* Dataset section:
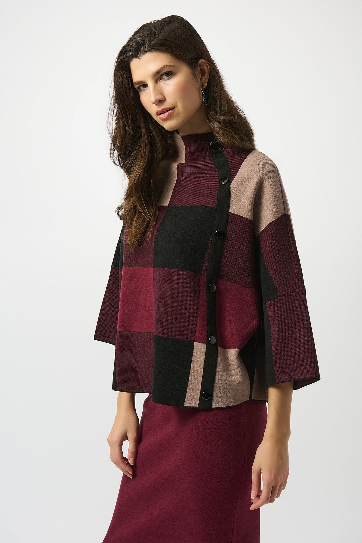 Plaid Jacquard Sweater Knit Top - Joseph Ribkoff
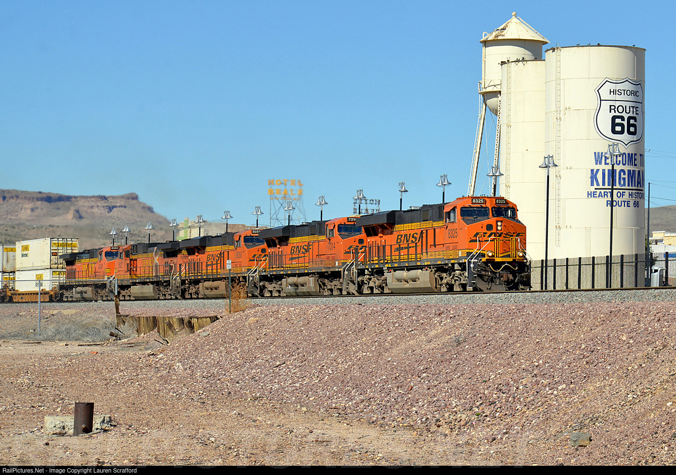 BNSF 8325 E/B Intermodal at Kingman, AZ on October 9, 2015 with BNSF 7314, 8050, 5527 & 4341 with a JB Hunt Double Stack Intermodal. This train had just come out of Kingman Canyon and was on its way following the original Route 66. The old ATSF Kingman Depot is behind the double stacks.
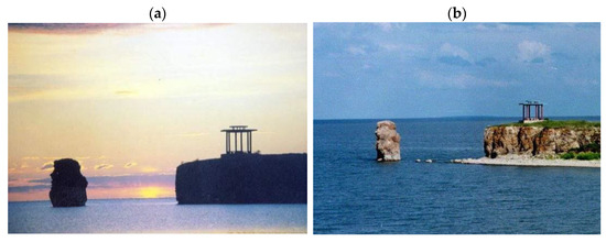 As shown in Figure 4b, the eastern shoreline of Hulun Lake receded regularly as the water level decreased. The main reason for this situation is that this area is composed of gently sloping lacustrine alluvial deposits, with a uniform slope and a large distribution range. According to the terrain characteristics and field investigations, the water-level data can be prolonged accurately. Figure 5 shows a comparison of photographs of a cultural attraction (i.e., the stone used to tie the horse for Genghis Khan) on the west bank of Hulun Lake in the summers of 2000 and 2007. It can be seen that the water level dropped significantly, and the highest water level made a mark at this site, which could be clearly identified in 2000. According to the field surveys conducted at this site in recent years, the water level in August 2007 was 3.33 m lower than the maximum water mark for 2000. According to the position of the lake’s shoreline extracted from the remote-sensing image, the distance between the horizontal position of the lake’s shoreline in the summers of 2000 and 2007 was 1901 m, which was obtained using the measuring tool in ArcGIS for the area shown in Figure 4b. In 2009, our team used surveying and mapping instruments to measure the topographic slope of this location, and the measured slope was 0.175%, which is consistent with the calculation results of the remote-sensing-image and field survey. Thus, the position of the lake’s shoreline in this region exhibited regular displacement with the change in the water level; that is, the lake’s shoreline at the position shown in Figure 4b receded by 570.9 m for every 1-m drop in the water level of Hulun Lake.
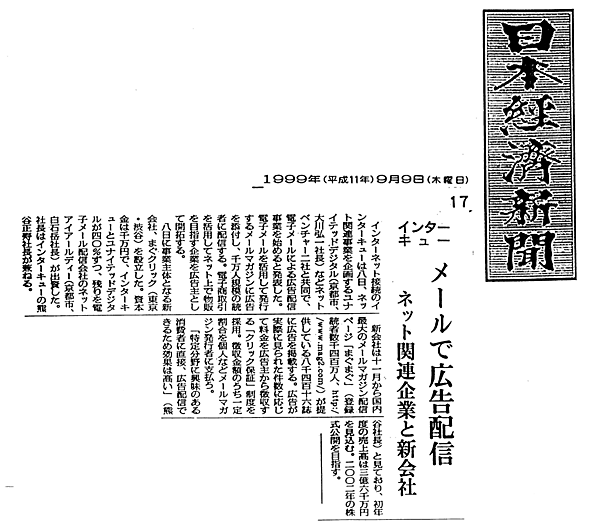 (出典:1999年9月9日の日本経済新聞の記事。加藤さん所蔵)

* Task description: Retype the full listing above precisely. Exclude each picture you find in it.

* Written solution:
 Plaid Jacquard Sweater Knit Top - Joseph Ribkoff
 BNSF 8325 E/B Intermodal at Kingman, AZ on October 9, 2015 with BNSF 7314, 8050, 5527 & 4341 with a JB Hunt Double Stack Intermodal. This train had just come out of Kingman Canyon and was on its way following the original Route 66. The old ATSF Kingman Depot is behind the double stacks.
 As shown in Figure 4b, the eastern shoreline of Hulun Lake receded regularly as the water level decreased. The main reason for this situation is that this area is composed of gently sloping lacustrine alluvial deposits, with a uniform slope and a large distribution range. According to the terrain characteristics and field investigations, the water-level data can be prolonged accurately. Figure 5 shows a comparison of photographs of a cultural attraction (i.e., the stone used to tie the horse for Genghis Khan) on the west bank of Hulun Lake in the summers of 2000 and 2007. It can be seen that the water level dropped significantly, and the highest water level made a mark at this site, which could be clearly identified in 2000. According to the field surveys conducted at this site in recent years, the water level in August 2007 was 3.33 m lower than the maximum water mark for 2000. According to the position of the lake’s shoreline extracted from the remote-sensing image, the distance between the horizontal position of the lake’s shoreline in the summers of 2000 and 2007 was 1901 m, which was obtained using the measuring tool in ArcGIS for the area shown in Figure 4b. In 2009, our team used surveying and mapping instruments to measure the topographic slope of this location, and the measured slope was 0.175%, which is consistent with the calculation results of the remote-sensing-image and field survey. Thus, the position of the lake’s shoreline in this region exhibited regular displacement with the change in the water level; that is, the lake’s shoreline at the position shown in Figure 4b receded by 570.9 m for every 1-m drop in the water level of Hulun Lake.
 (出典:1999年9月9日の日本経済新聞の記事。加藤さん所蔵)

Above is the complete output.